THE DATA:
§ §

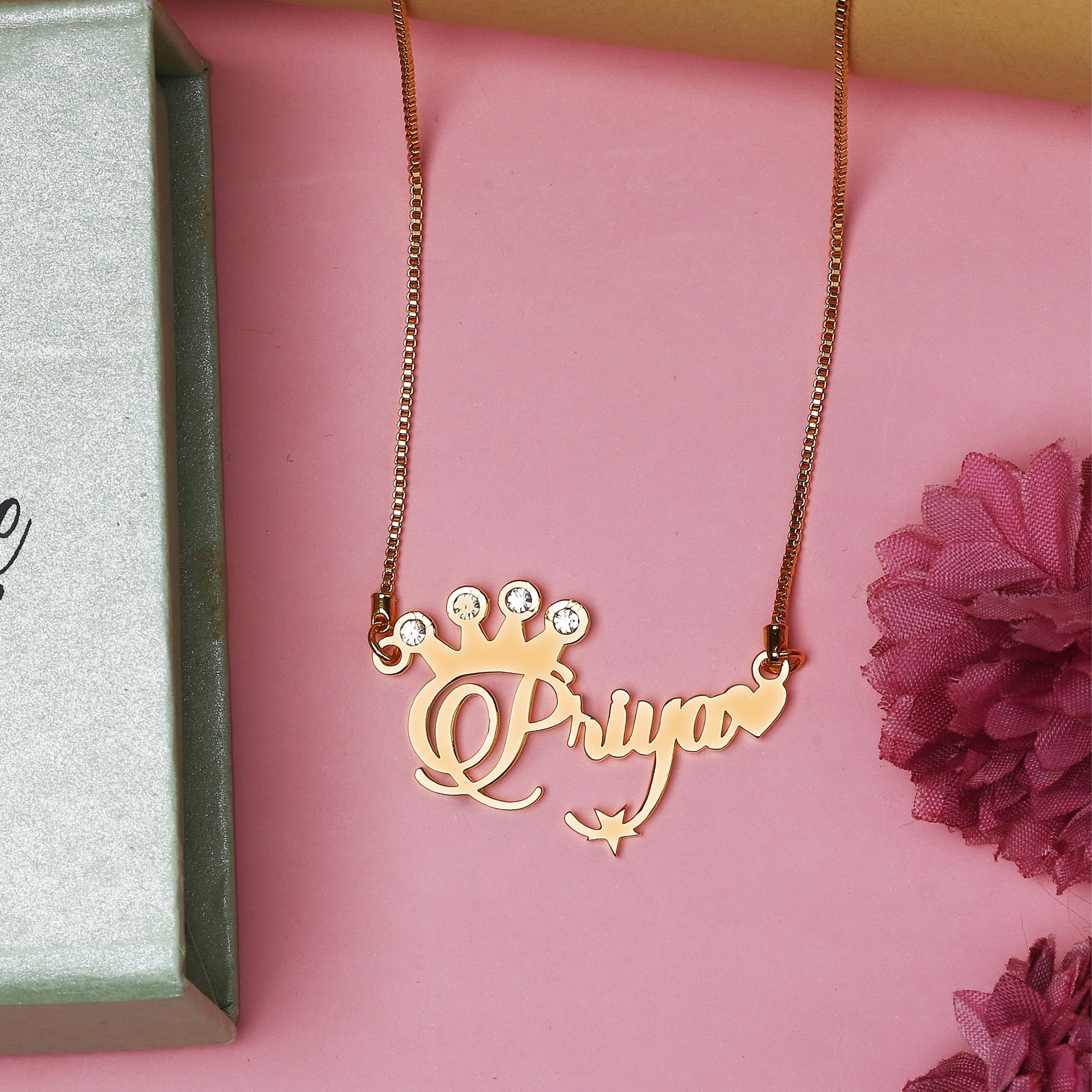 Our Beautiful Diamond crown name necklace has a stylish and unique design with an elegant finish. The chain length is adjustable. This special name pendant can be customized with your and your loved ones name.
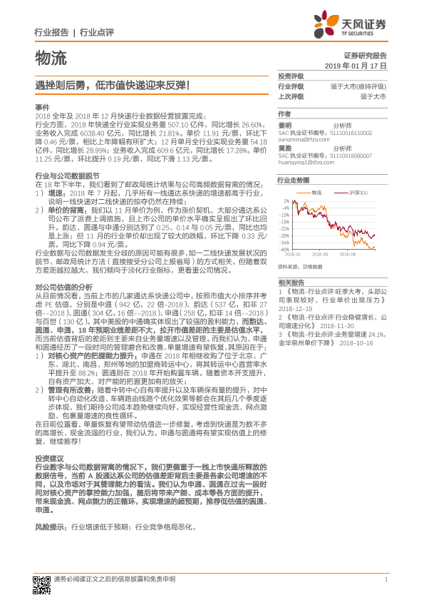 【天风证券】【20190117】物流行业点评:遇挫则后勇,低市值快递迎来反弹-6页
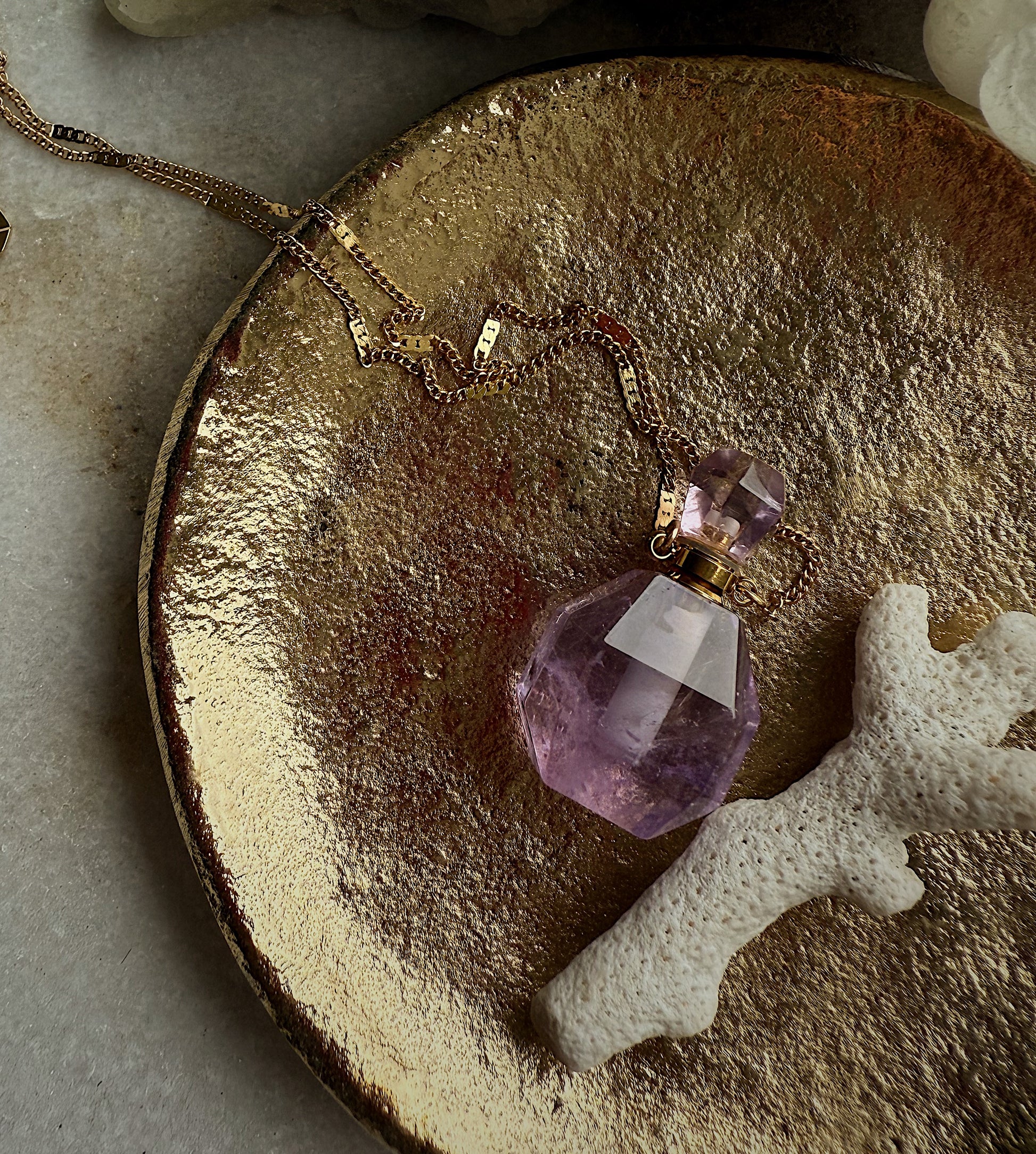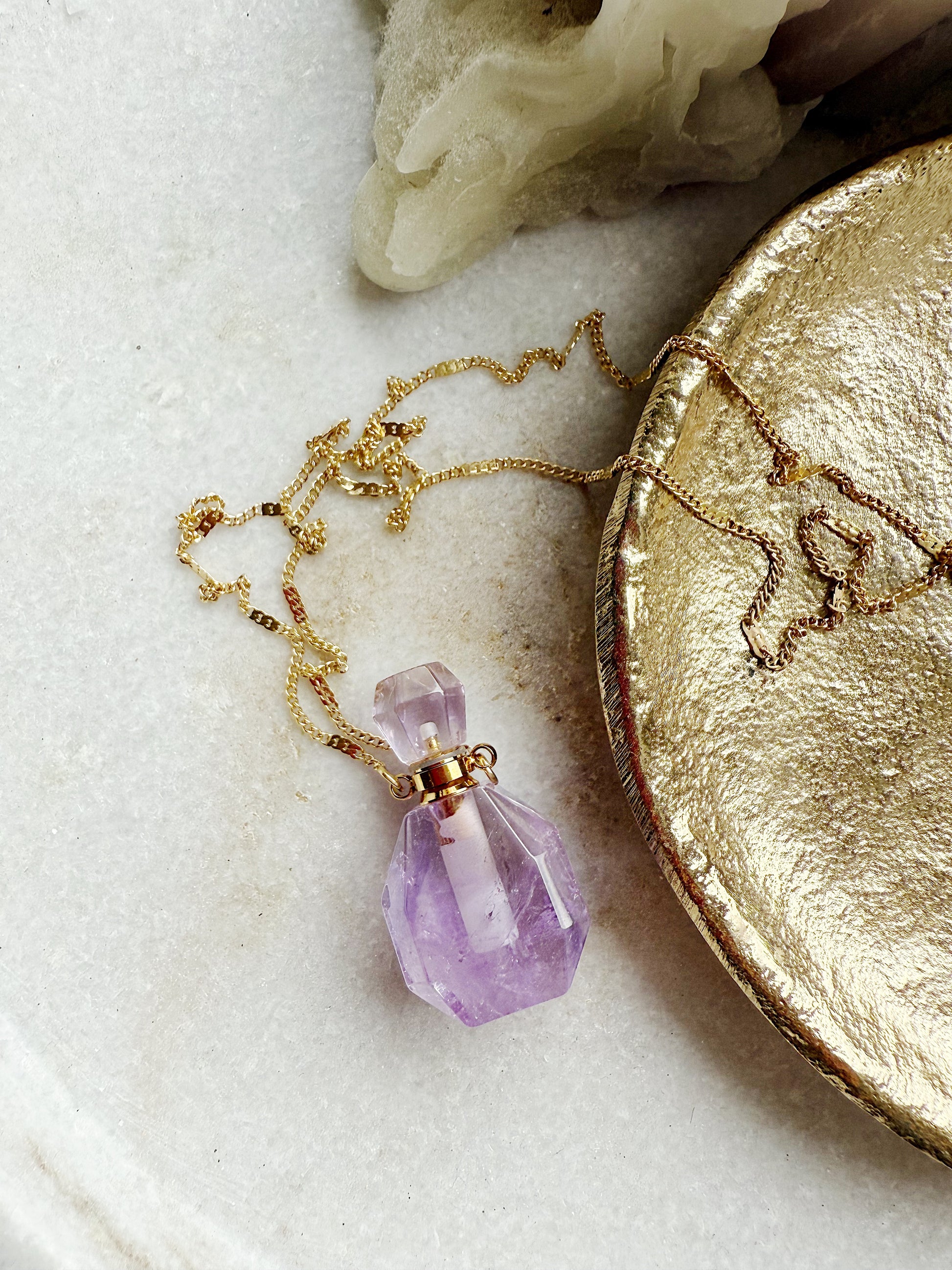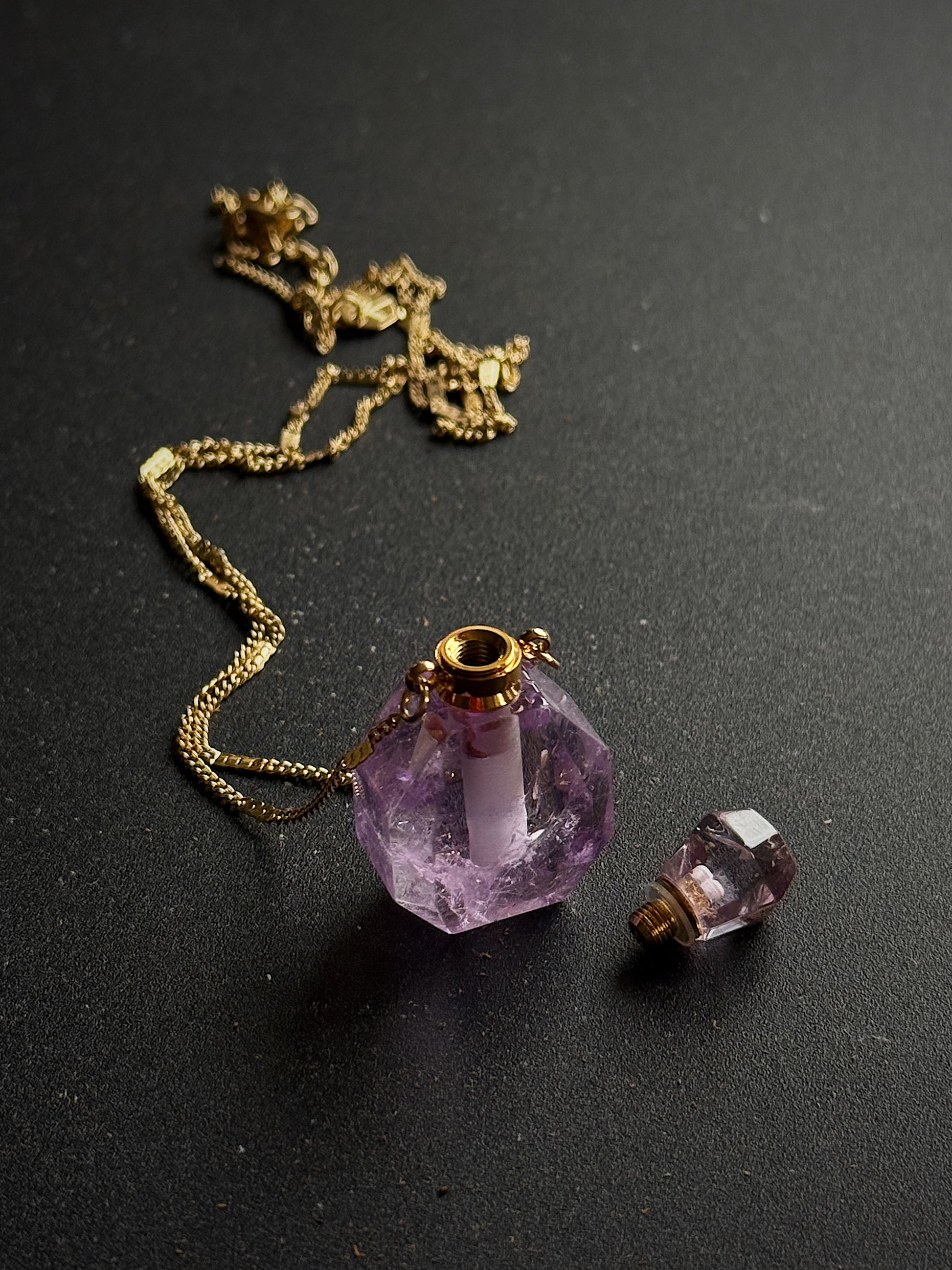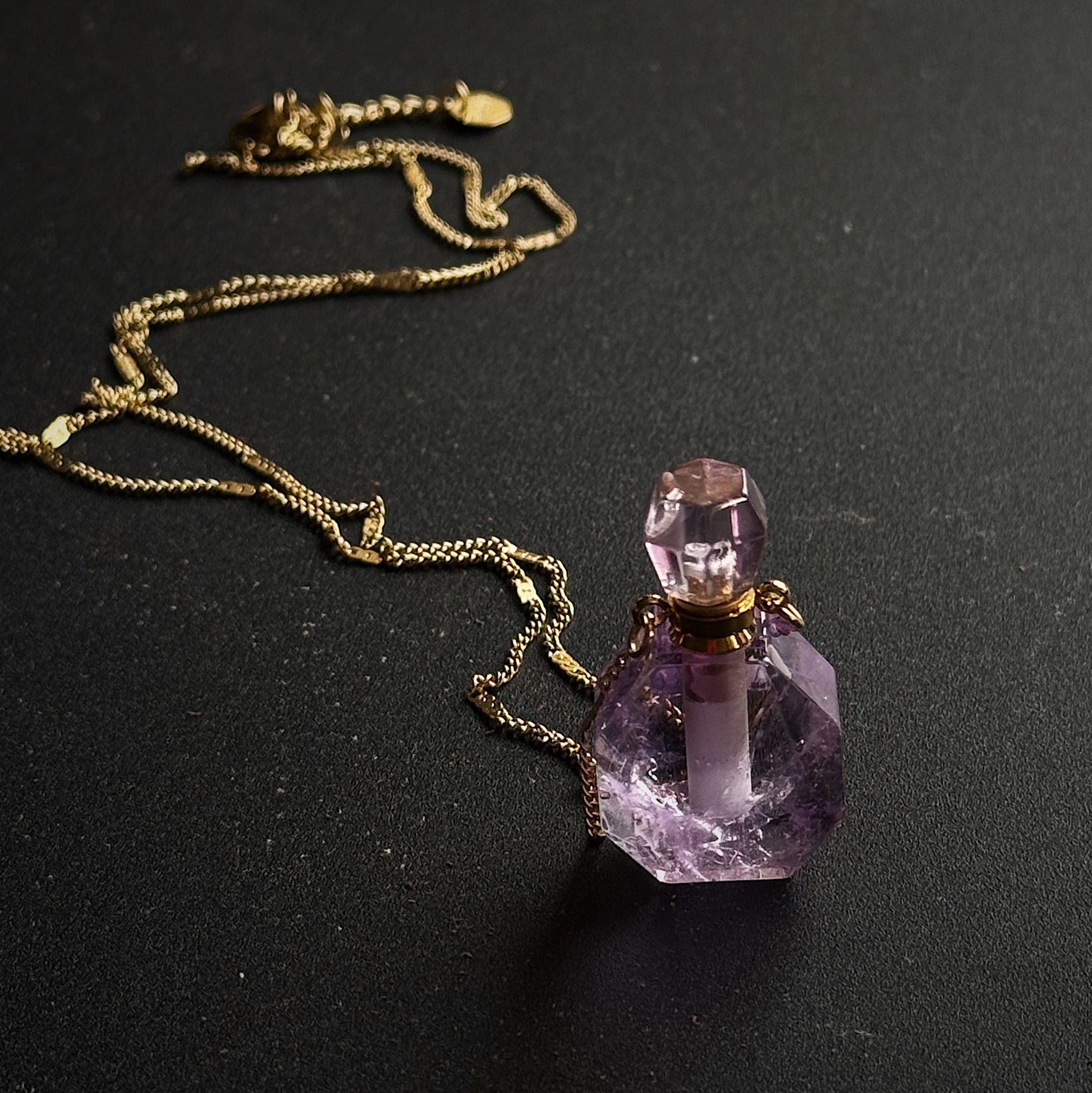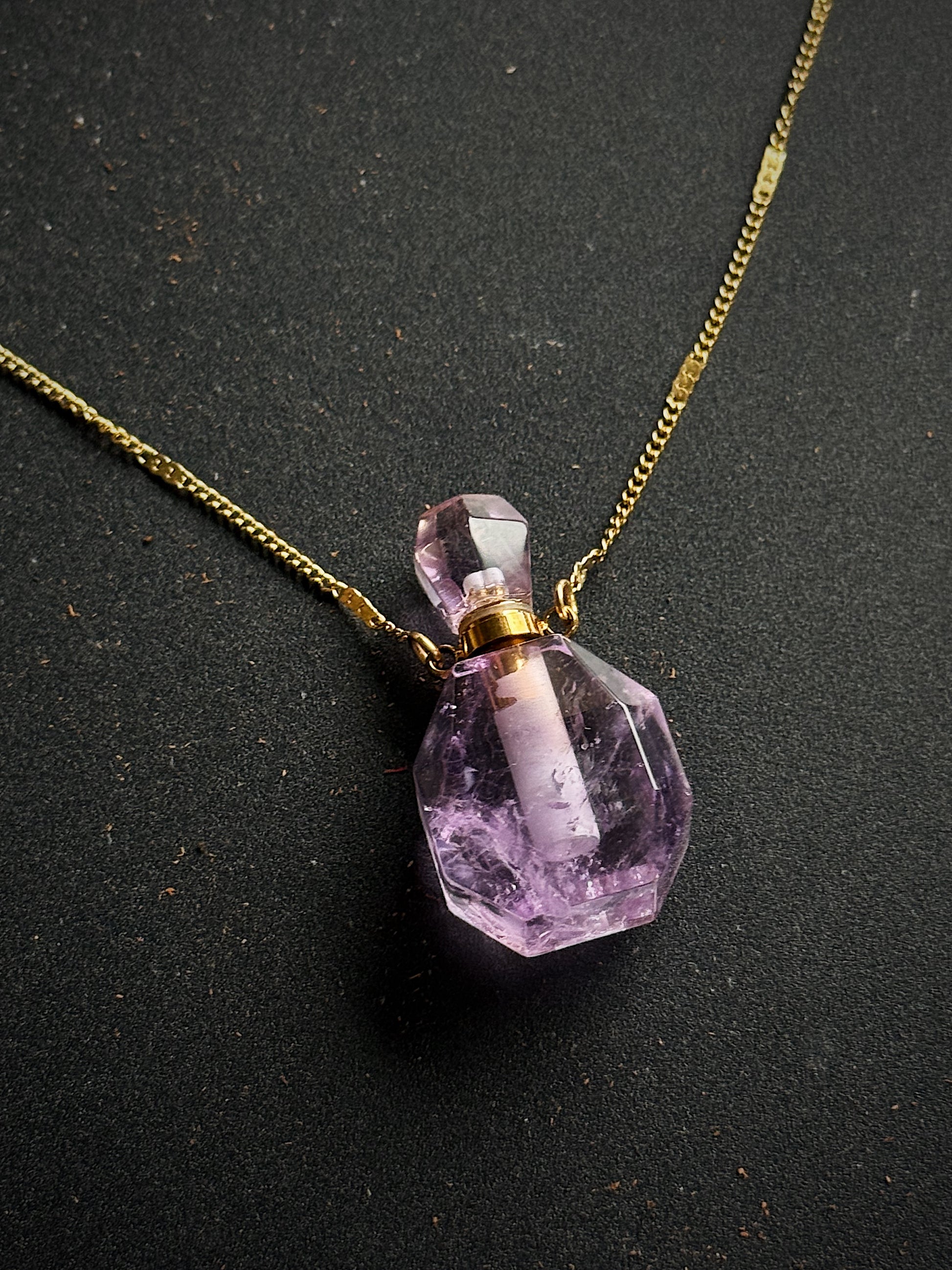 Unikalus kaklo papuošalas su mažu ametisto buteliuku, kuriame galėsite talpinti eterinį aliejų ar mėgstamus kvepalus. Taip primena senovinius, paslaptingus magiškus eliksyrų buteliukus.

§ §

BRIEF:
Without including any picture, write out the material above verbatim.

TASK RESULT:
 Our Beautiful Diamond crown name necklace has a stylish and unique design with an elegant finish. The chain length is adjustable. This special name pendant can be customized with your and your loved ones name.
 【天风证券】【20190117】物流行业点评:遇挫则后勇,低市值快递迎来反弹-6页
 Unikalus kaklo papuošalas su mažu ametisto buteliuku, kuriame galėsite talpinti eterinį aliejų ar mėgstamus kvepalus. Taip primena senovinius, paslaptingus magiškus eliksyrų buteliukus.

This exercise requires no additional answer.